● **BRIEF**
The entire listing, reproduced exactly and stripped of images, is the expected output.

● **SUPPLIED DATA**
====

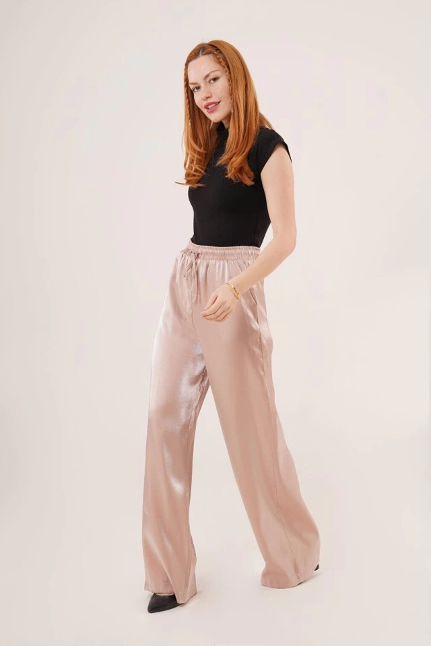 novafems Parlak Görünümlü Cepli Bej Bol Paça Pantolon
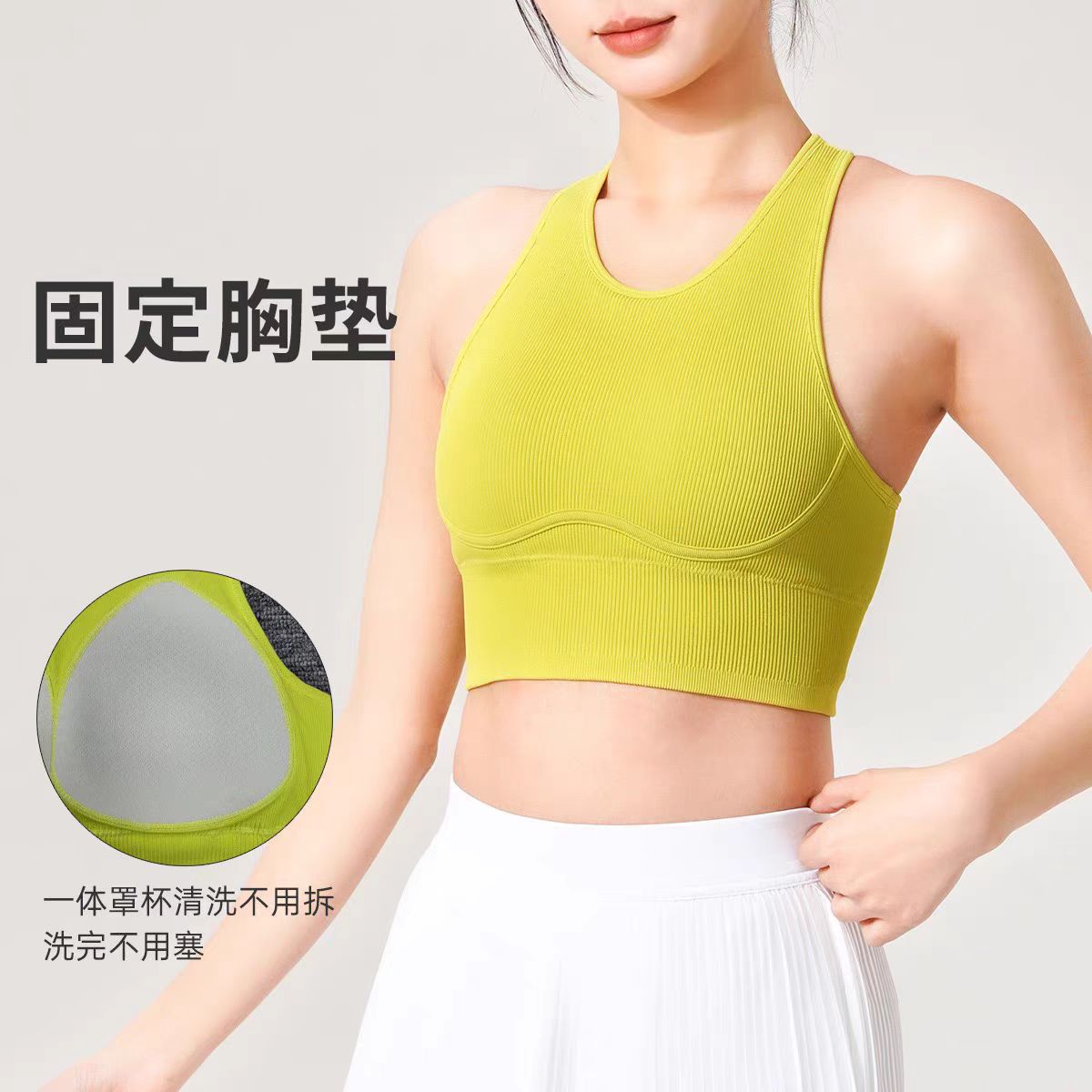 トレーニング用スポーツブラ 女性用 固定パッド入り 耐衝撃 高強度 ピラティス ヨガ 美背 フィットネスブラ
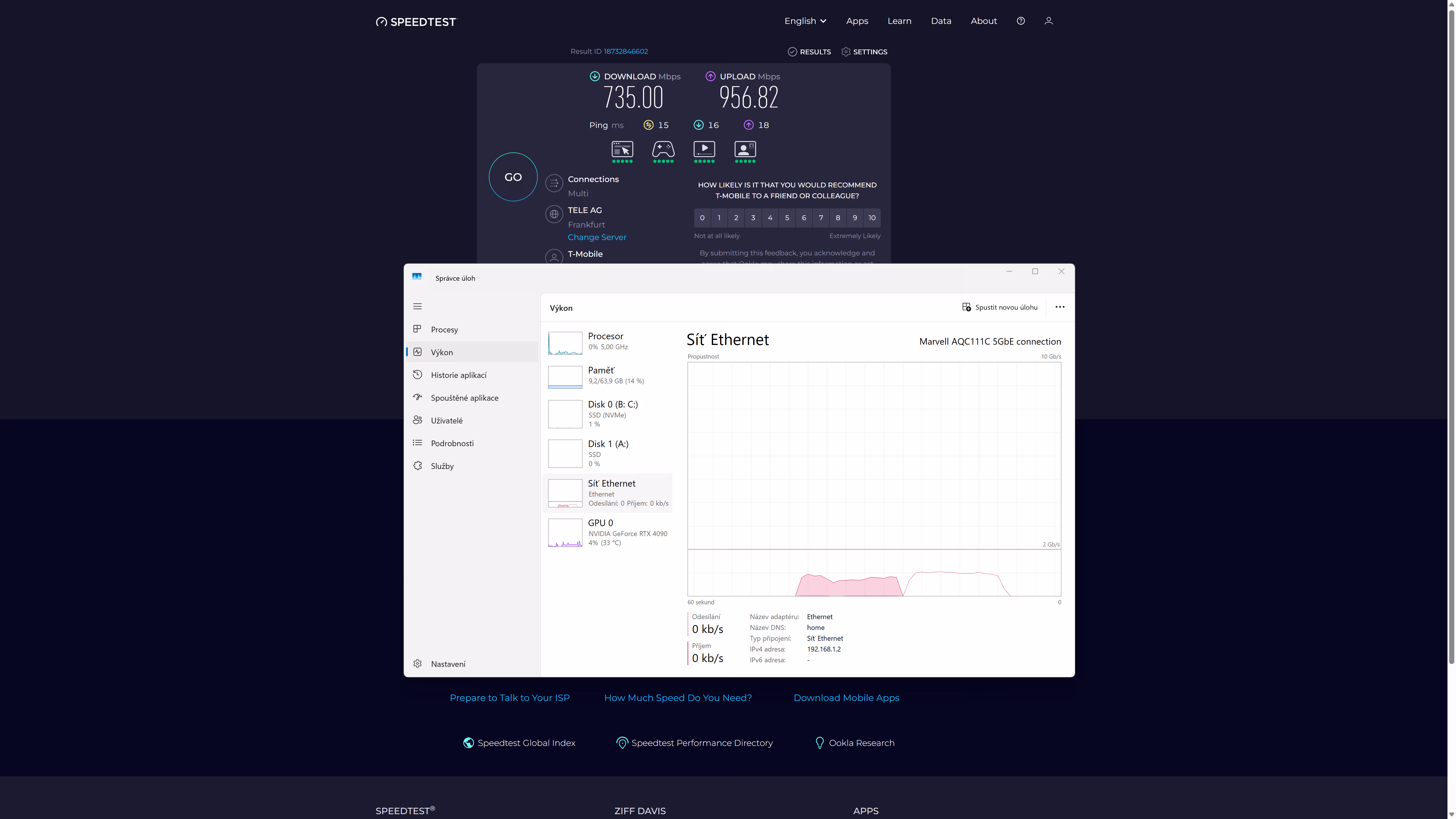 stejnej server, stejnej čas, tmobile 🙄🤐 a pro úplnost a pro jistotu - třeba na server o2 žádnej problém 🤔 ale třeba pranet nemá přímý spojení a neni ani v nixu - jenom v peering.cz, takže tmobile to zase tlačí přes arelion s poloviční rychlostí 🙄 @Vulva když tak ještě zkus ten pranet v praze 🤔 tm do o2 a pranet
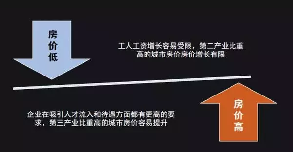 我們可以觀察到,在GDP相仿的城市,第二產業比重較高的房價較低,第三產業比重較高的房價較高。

====

● **SOLVED EXERCISE**
 novafems Parlak Görünümlü Cepli Bej Bol Paça Pantolon
 トレーニング用スポーツブラ 女性用 固定パッド入り 耐衝撃 高強度 ピラティス ヨガ 美背 フィットネスブラ
 stejnej server, stejnej čas, tmobile 🙄🤐 a pro úplnost a pro jistotu - třeba na server o2 žádnej problém 🤔 ale třeba pranet nemá přímý spojení a neni ani v nixu - jenom v peering.cz, takže tmobile to zase tlačí přes arelion s poloviční rychlostí 🙄 @Vulva když tak ještě zkus ten pranet v praze 🤔 tm do o2 a pranet
 我們可以觀察到,在GDP相仿的城市,第二產業比重較高的房價較低,第三產業比重較高的房價較高。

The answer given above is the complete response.